# Find pairs $(a,b)$ with $\gcd(a,b),\gcd(a + 1, b),\ldots, \gcd(a + k, b)$ given

Given a set of GCD's, how to find a set of numbers that satisfy all their criteria?
Suppose we are given a $k$ integers $\gcd(a,b),\gcd(a + 1, b),\ldots, \gcd(a + k, b)$ for some k.
How to get a and b from this? Given the GCD's, I need to find (a,b).
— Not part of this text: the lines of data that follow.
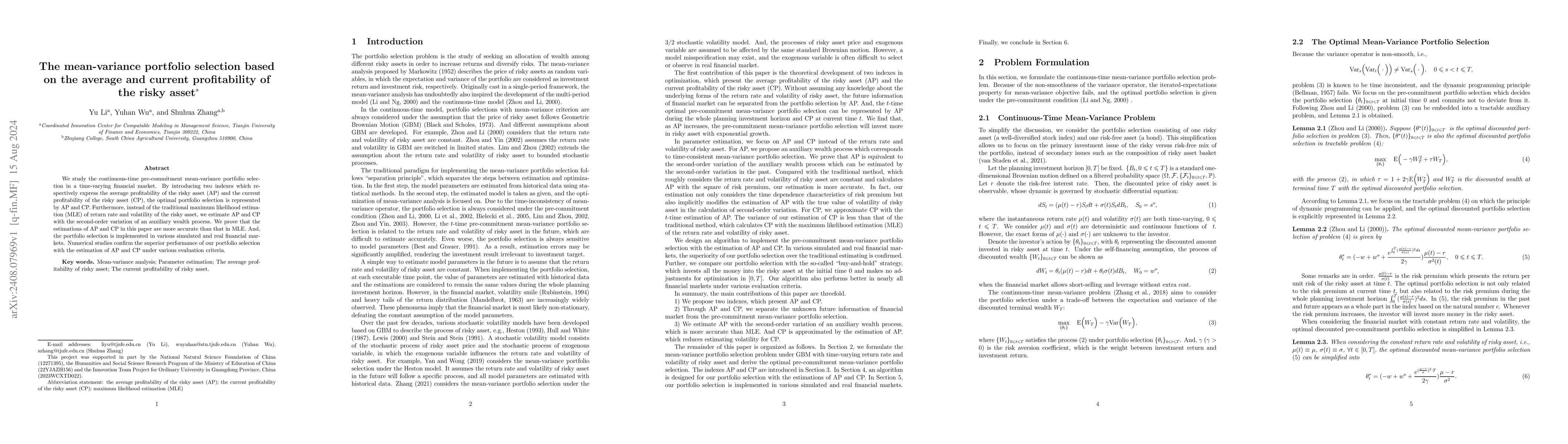 This paper develops a continuous-time mean-variance portfolio selection model using average profitability (AP) and current profitability (CP) indexes for a time-varying financial market, offering a more accurate estimation method than traditional maximum likelihood estimation. The proposed model's performance is validated through simulations and real market data, demonstrating superior portfolio selection outcomes.
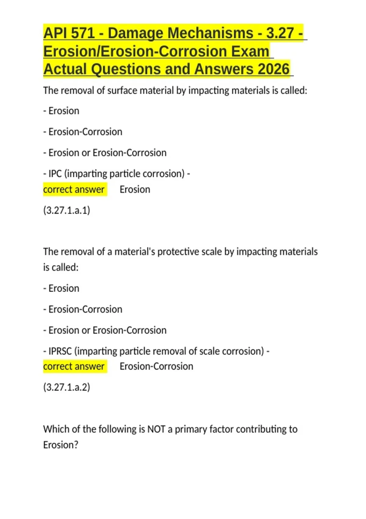 API 571 - Damage Mechanisms - 3.27 - Erosion Erosion-Corrosion Exam Actual Questions and Answers 2026.docx
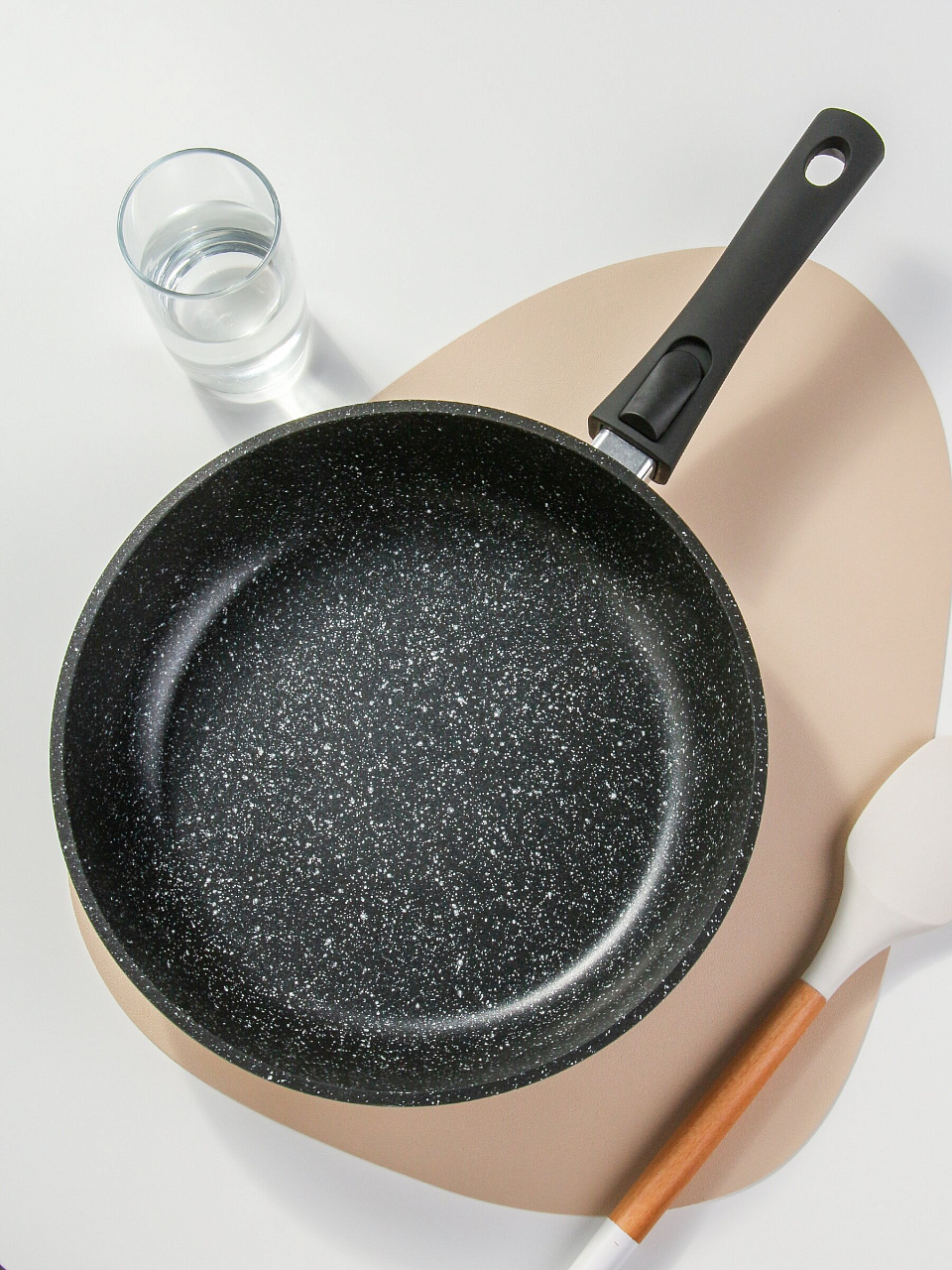 - Гранитное антипригарное покрытие — пища не пригорает, легко мыть, подходит для здорового питания.
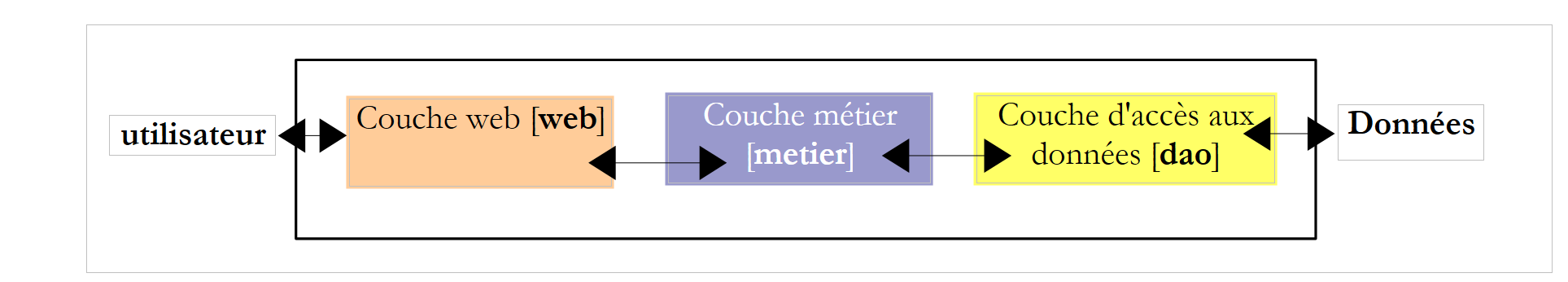 - la couche [dao] s'occupe de l'accès aux données, le plus souvent des données persistantes au sein d'un SGBD. Mais cela peut être aussi des données qui proviennent de capteurs, du réseau, ...
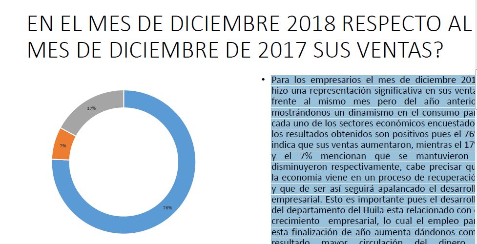 Según José Humberto Rojas, Director Ejecutivo de Fenalco –Huila, para los empresarios el mes de diciembre 2018 hizo una representación significativa en sus ventas frente al mismo mes pero del año anterior, mostrándonos un dinamismo en el consumo para cada uno de los sectores económicos encuestados, los resultados obtenidos son positivos pues el 76% indica que sus ventas aumentaron, mientras el 17%yel 7% mencionan que se mantuvieron y disminuyeron respectivamente.
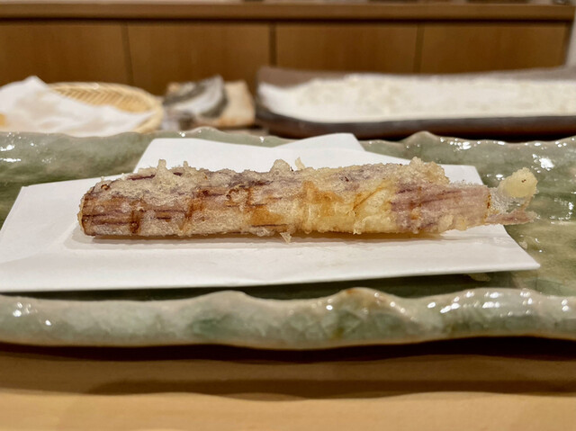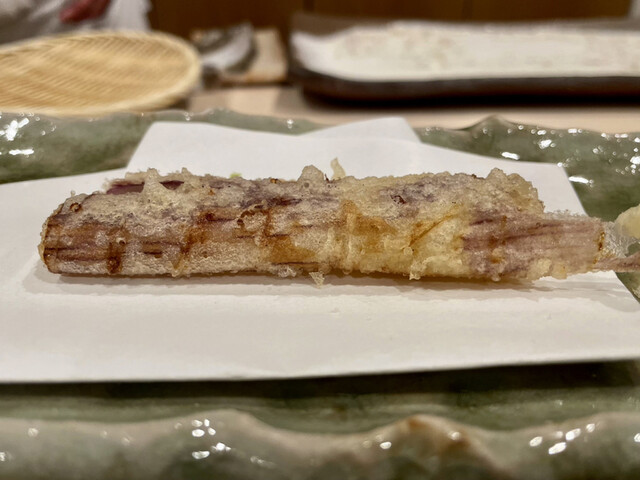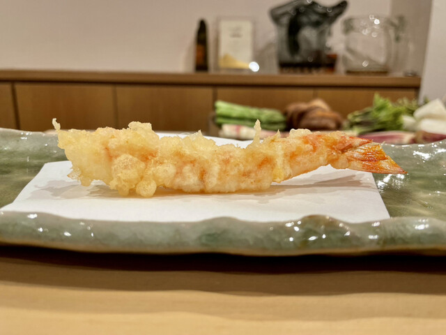 天ぷら屋ではなかなか出ないサイズの特大車海老。甘みは控えめなものの、噛み締めた時の旨みが抜群です。

Example: if 4 GCD's are given 3,2,1,6, then the pair (a,b) which satisfy the above condition is (3,6).
Any help will be useful!

• Note that many other $(a,b)$ will also satisfy your $(3,2,1,6)$ report, and in particular $(3+12k, 6+12k)$ are solutions for $k\in \mathbb{Z}$ – Joffan Jun 21 '16 at 15:38
• But you don't necessarily have $a+k=b$ or indeed $a<b$ is that correct? – almagest Jun 21 '16 at 15:39
• no, i do not have a+k=b. But from the sample cases that i have, a<b is valid for all those cases. also, i just need to find a pair which satisfies the GCD's given. I need to select just one of the many possible solutions – Ashwath Narayan Jun 21 '16 at 15:41

Hints: Let $g_0,g_1,\ldots,g_k$ be the specified GCDs. Clearly one must have $\text{LCM}(g_0,\ldots,g_k) \mid b$. Show that if $(a,b)$ is any solution then we may replace $b$ by $b_0 := \text{LCM}(g_0,\ldots,g_k)$, so that $(a,b_0)$ is also a solution.
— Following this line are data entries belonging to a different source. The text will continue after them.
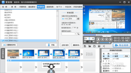 5、如果是一個(gè)比較長(zhǎng)的視頻,也可以使用將視頻轉(zhuǎn)折處剪掉,裁下的視頻自動(dòng)加載在后面,這樣就可以使用專(zhuān)場(chǎng)效果了(選中后一個(gè)視頻設(shè)置轉(zhuǎn)場(chǎng)特效)。
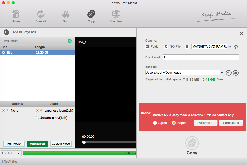 NO。 1 Leawo 蓝光复制
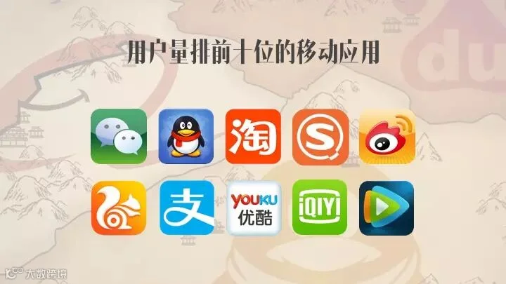 中国人现在用的最多的10个移动客户端里面有8个,要么是属于阿里系的,要么是属于腾讯系的,而如果在三年前,他们两家加在一起的数据应该不超过4个。
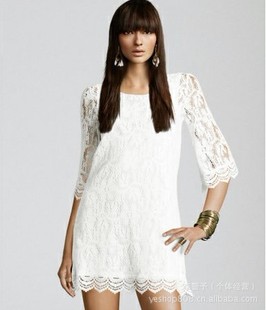 歐美款時尚連衣裙 新款 七分袖蕾絲荷葉邊 連衣裙Cly-7-004 /
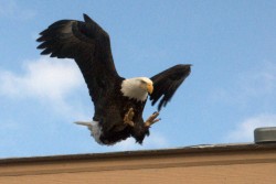 swoop - (especially of a bird) To move rapidly downward through the air
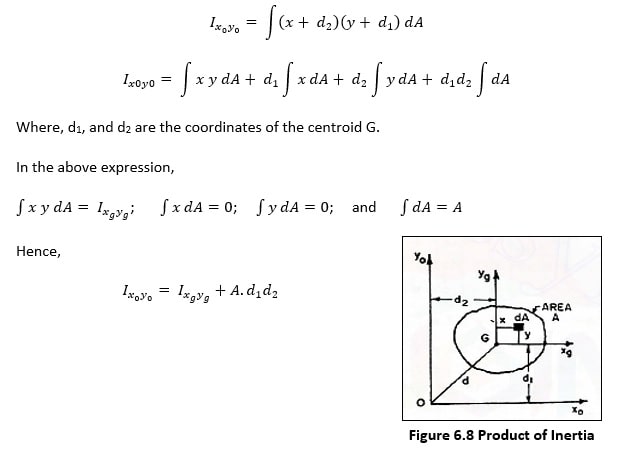 Therefore, the product of inertia with respect to any pair of axes in its plane is equal to the product of inertia with respect to the parallel centroidal axes plus the product of the area and the coordinates of the centroid with respect to the pair of axes.
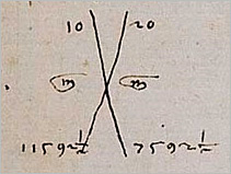 4] He is then ready to multiply across the big X and subtract one product from the other to get a dividend, then subtract one of the numbers at the bottom of the big X to get the divisor.
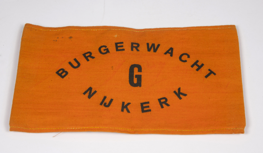 Oranje band met opschrift 'BURGERWACHT NIJKERK. G'
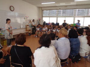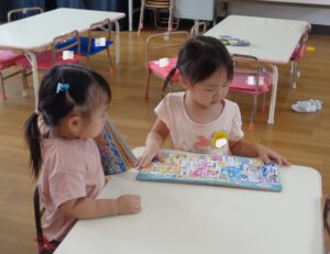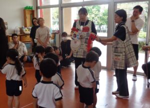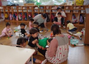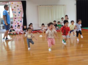 敬老参観がありました。たくさんのお爺さま、お婆さま、ご家族の方にお越しいただきました。自己紹介の後には、お孫さんやお子さんと一緒にゲームをして楽しんでいただきました。子ども達もとても楽しそうでした。もも組さんは参観はありませんでした。ホールでかけっこなどをして体を動かして楽しみました。教室にもどった後は本を読んだりおもちゃで遊んだりして楽しみました。敬老参観にお越しいただいた皆様ありがとうございました。
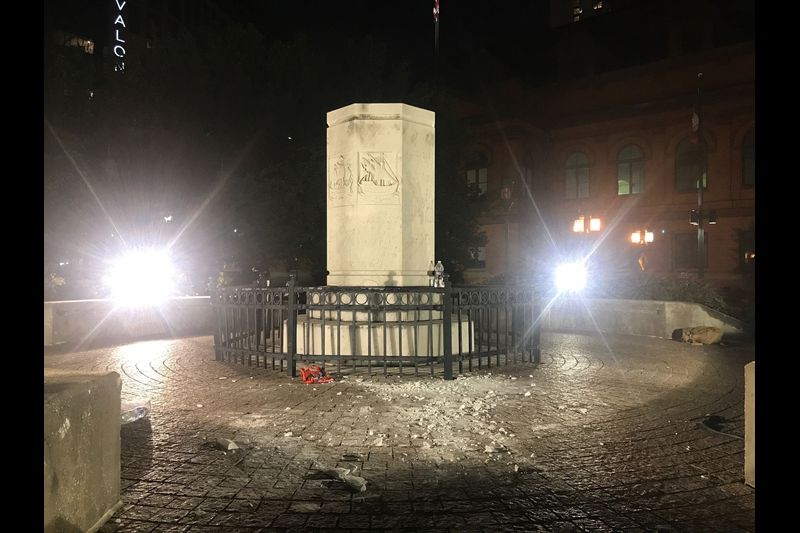 Протестувальники з криками на тлі феєрверка на честь Дня незалежності накинули мотузки на статую і скинули її з постаменту. Потім вони викотили її до берега і скинули в воду.
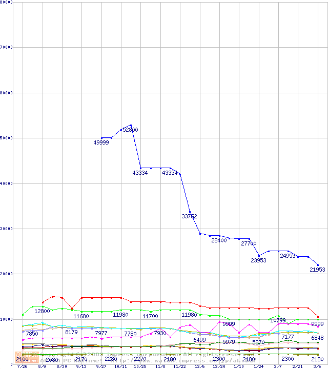 メモリ主要製品(最安値1万円以上)の最安値推移
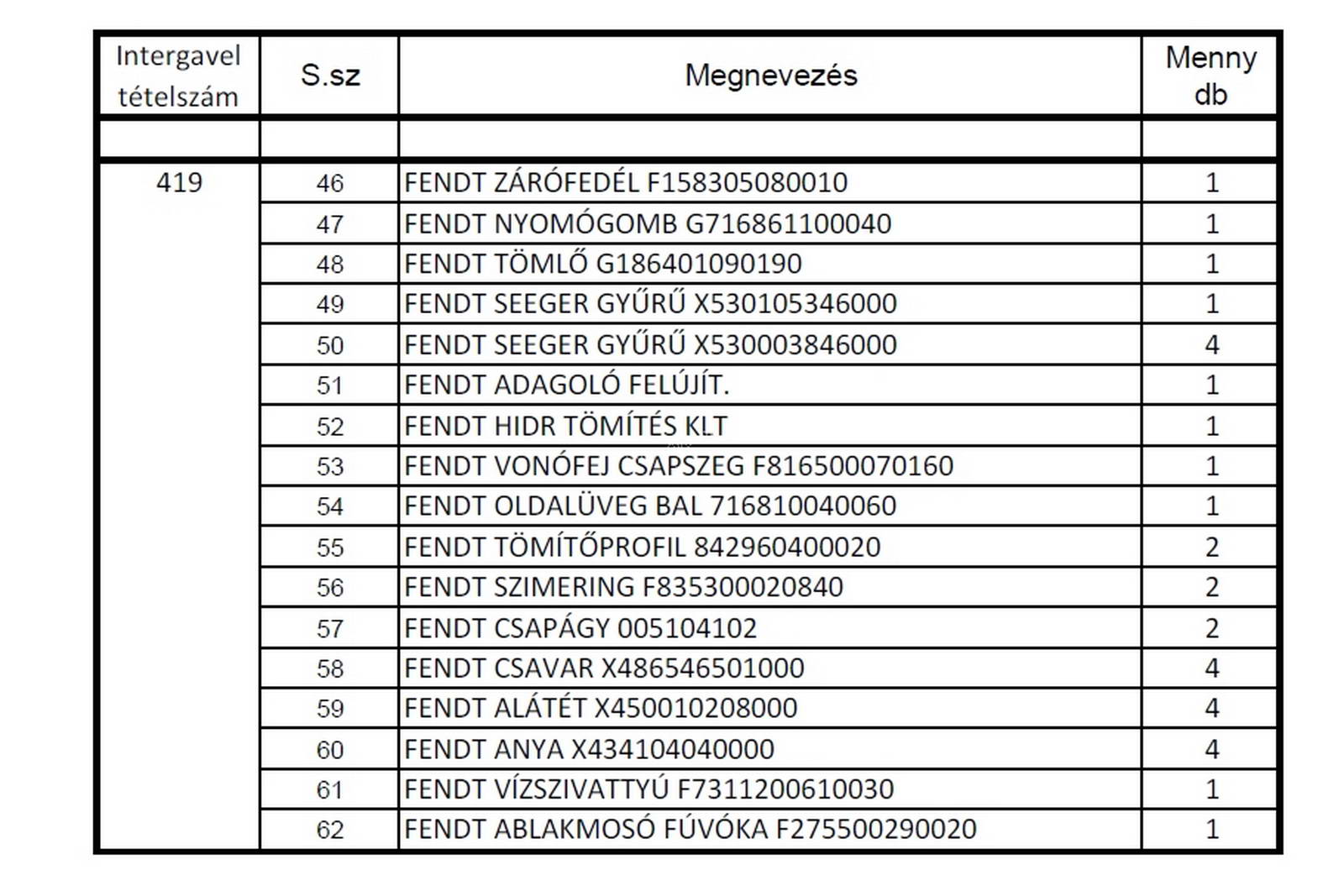 - tétel Fendt alkatrészeket tartalmaz

Therefore we are free to assume $b = b_0$. For each prime power factor $p^r$ of $b_0$, there must be at least one $g_i$ that is divisible by $p^r$. This uniquely determines $a$ mod $p^r$. Now Chinese Remaindering determines $a$ mod $b_0$.
There is at most one working choice of $a$ mod $b_0$. Prove that if any one value of $a$ satisfies the full set of constraints, then so does every $a$ in that congruence class. This provides all solutions of the specific form $(a,b_0)$; there are other solutions with larger values of $b$, and these are more complicated to describe — but you only are looking for one.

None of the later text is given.